Liberals in the sense that they want Israel to remain a real civil society not only in form but in substance. Not only for the Jews but also for the Arabs who live in the country. They are the aristocrats of the old Likud, which descends from the old Herut part, which descends from the Irgun or Etzel (a pre-state military force in competition with the Haganah and Palmach), which descends from the Revisionist movement of a much neglected Zionist thinker Ze’v Jabotinsky. Rivlin’s family came to Palestine, I believe, several centuries back. Perhaps that is why he can imagine a Zionist one-state solution which I cannot. But he is a fierce civil libertarian. (Moreover, he is a direct descendant of the Vilna Gaon, a distinction he shares with Cass Sunstein. This is a rare distinction, especially with regard to the genes of the intellect.)

Anyway, this distinguishes them from others among their coalition partners, especially thuggish Avigdor Lieberman of the Yisrael Beiteinu ("Israel, our home") party, the base of which is Russian immigrants, and Eli Yishai, the shady, very shady leader of the ultra-orthodox and ultra-corrupt Shas party, made up mostly of Jews from what we use to call the "Orient." These Jews are not anywhere as pious as their leadership.

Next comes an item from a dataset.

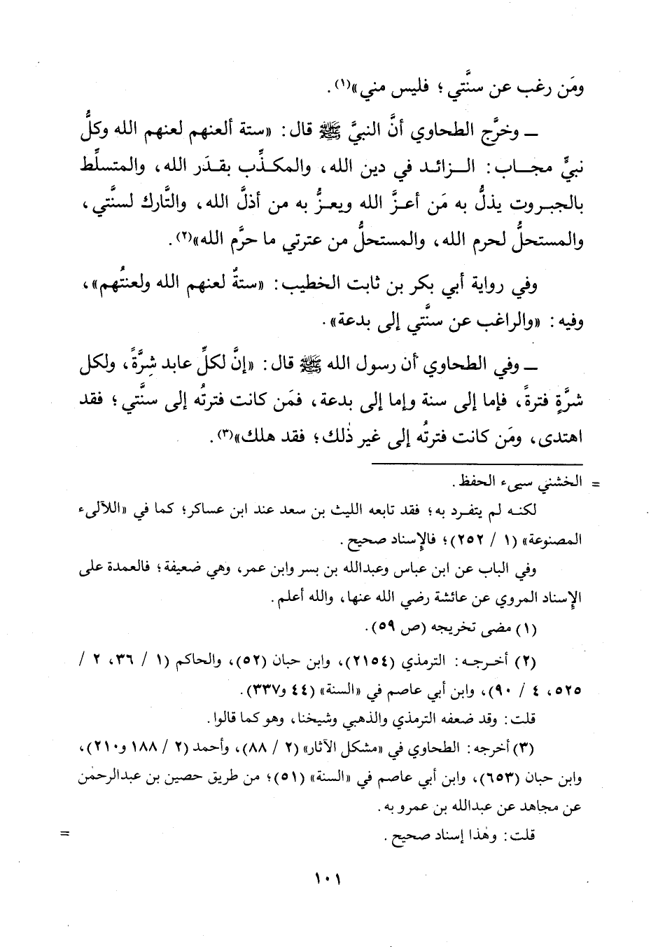 وَخَرَّجَ الطَّحَاوِيُّ أَنَّ النَّبِيَّ صَلَّى اللَّهُ عَلَيْهِ وَسَلَّمَ قَالَ: «سِتَّةٌ أَلْعَنُهُمْ لَعَنَهُمُ اللَّهُ وَكُلُّ نَبِيٍّ مُجَابٍ: الزَّائِدُ فِي دِينِ اللَّهِ، وَالْمُكَذِّبُ بِقَدَرِ اللَّهِ، وَالْمُتَسَلِّطُ بِالْجَبَرُوتِ يُذِلُّ بِهِ مَنْ أَعَزَّ اللَّهُ وَيَعِزُّ بِهِ مَنْ أَذَلَّ اللَّهُ، وَالتَّارِكُ لِسُنَّتِي، وَالْمُسْتَحِلُّ لِحَرَمِ اللَّهِ، وَالْمُسْتَحِلُّ مِنْ عِتْرَتِي مَا حَرَّمَ اللَّهُ».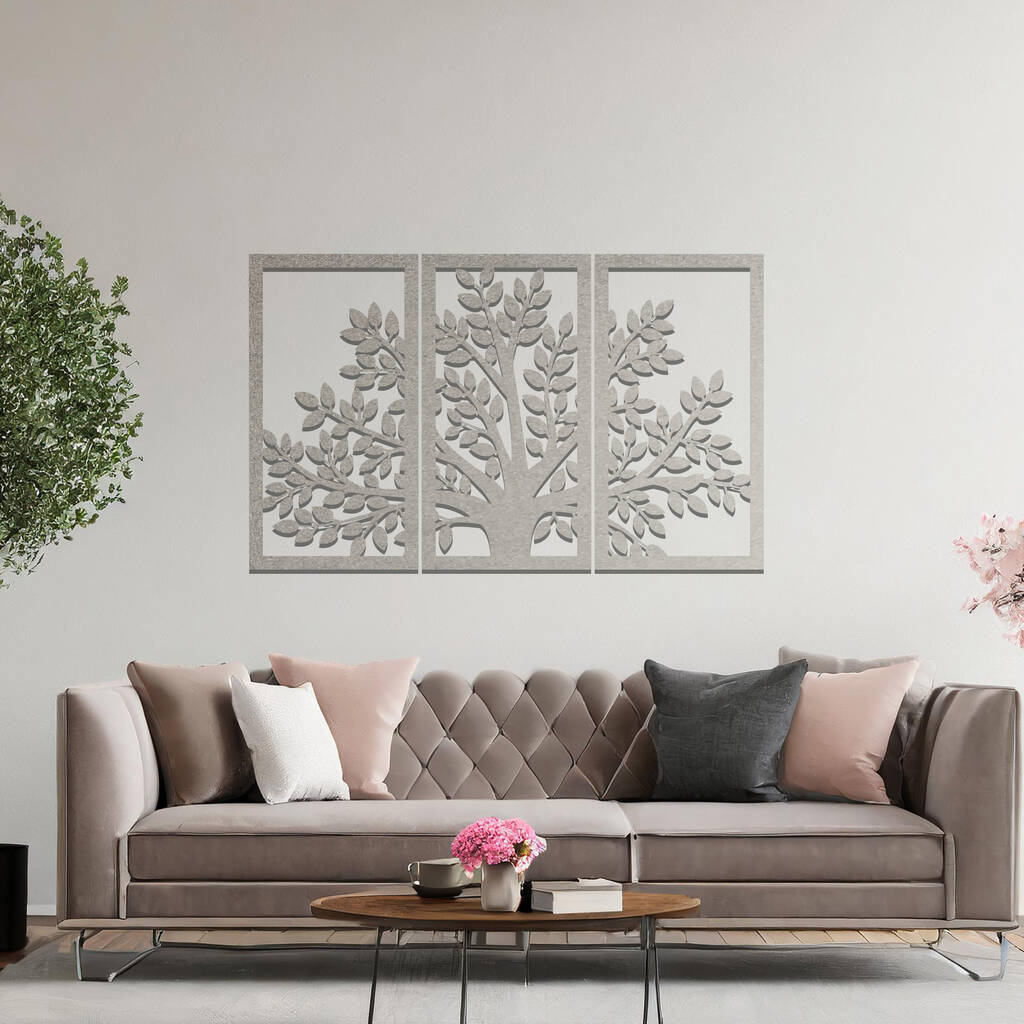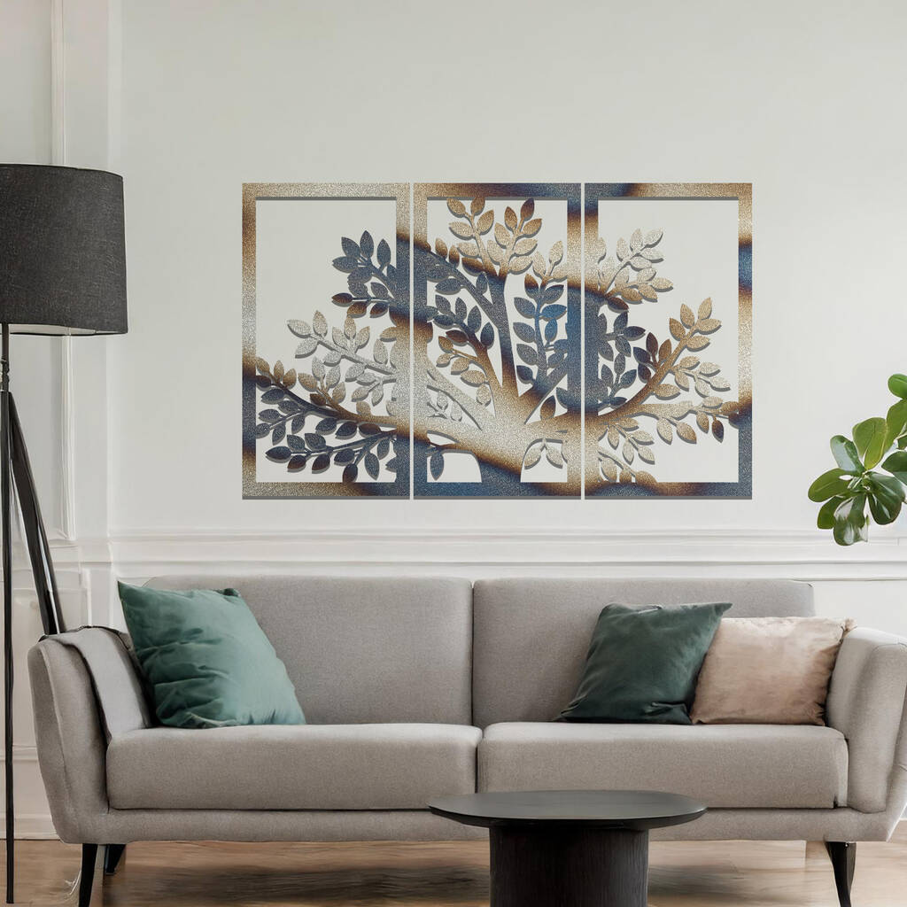 Modern Metal Tree Triptych Wall Art Panel Set For Living Room Or Hallway Decor

But they follow them in elections, nonetheless. (I wrote obsessively about Rabbi Ovadia Yosef, the "spiritual leader" of these Jews, a while back. Please read this post.)

These two fighting line-ups have been provoked by what Isabel Kershner of the New York Times terms "a contentious draft amendment to the country’s citizenship law that calls for non-Jews seeking to become citizens to pledge loyalty to Israel as a Jewish and democratic state." My friend Isaac Herzog, a Labor member of parliament and minister of welfare and social services, said what needed to be said: that the provision was one of a series of steps in recent years that "borders on fascism." You can read more details in Ha’aretz, the Jerusalem Post and Ynet.

There is a barely adequate explanation in Kershner’s Times piece of why Arabs would be obliged to be hostile to a loyalty oath and why Jews would not. This is to facilitate the citizenship of the ultra-orthodox who believe Zionism is a sin since its state was not sanctioned by the Lord Almighty. Frankly, I’d rather have another Arab citizen of Israel than another benighted pious Jew who keeps his children from learning English and math, science and real history.

Anyway, there is only one way to judge the fidelity of a citizen to his or her state and that is whether he or she obeys its laws. I’d bet that Israel gets more practical loyalty from its ordinary Arab citizens than from its sanctimonious Pharisees among the Jews. There are almost no soldiers from either group. These Jews do not fight for their country. They are not patriots.

Many Israelis, both Arabs and Jews, said they felt the amendment was discriminatory not least because as currently written, it would apply only to non-Jews who want to become naturalized citizens. Those are mainly Arabs from abroad who marry Arab citizens of Israel, and who are likely to reject the definition of Israel as a Jewish state.
The amendment would not apply to Jews or those of Jewish descent, who immigrate to Israel under the country’s Law of Return. This would allow the exemption of ultra-Orthodox Jewish immigrants, many of whom are non-Zionist and would oppose pledging allegiance to a Jewish state.

I know Bibi Netanyahu and Ehud Barak quite well. I cannot believe they are actually for any of these politically motivated and hateful contraptions. They are trapped in their own salutary efforts to get the cabinet to support a two month extension of the building freeze so that talks may be carried on with the Palestinians. I am certain that Bibi and Ehud want to craft an agreement with their adversaries. I am almost certain that the Palestinians either do not desire this or are not in any position to enforce one. It seems to me, in fact, that if any accord, however insubstantial, were to be agreed on, there would be a Palestinian rising against that Palestinian leadership recognized by the West, that is Mahmoud Abbas and Salam Fayyad, the president and prime minister of the Palestine National Authority.

Notice how President Obama has ensnarled the always precarious peace process with his fixation on one house here, ten houses there in this and that Jewish settlement.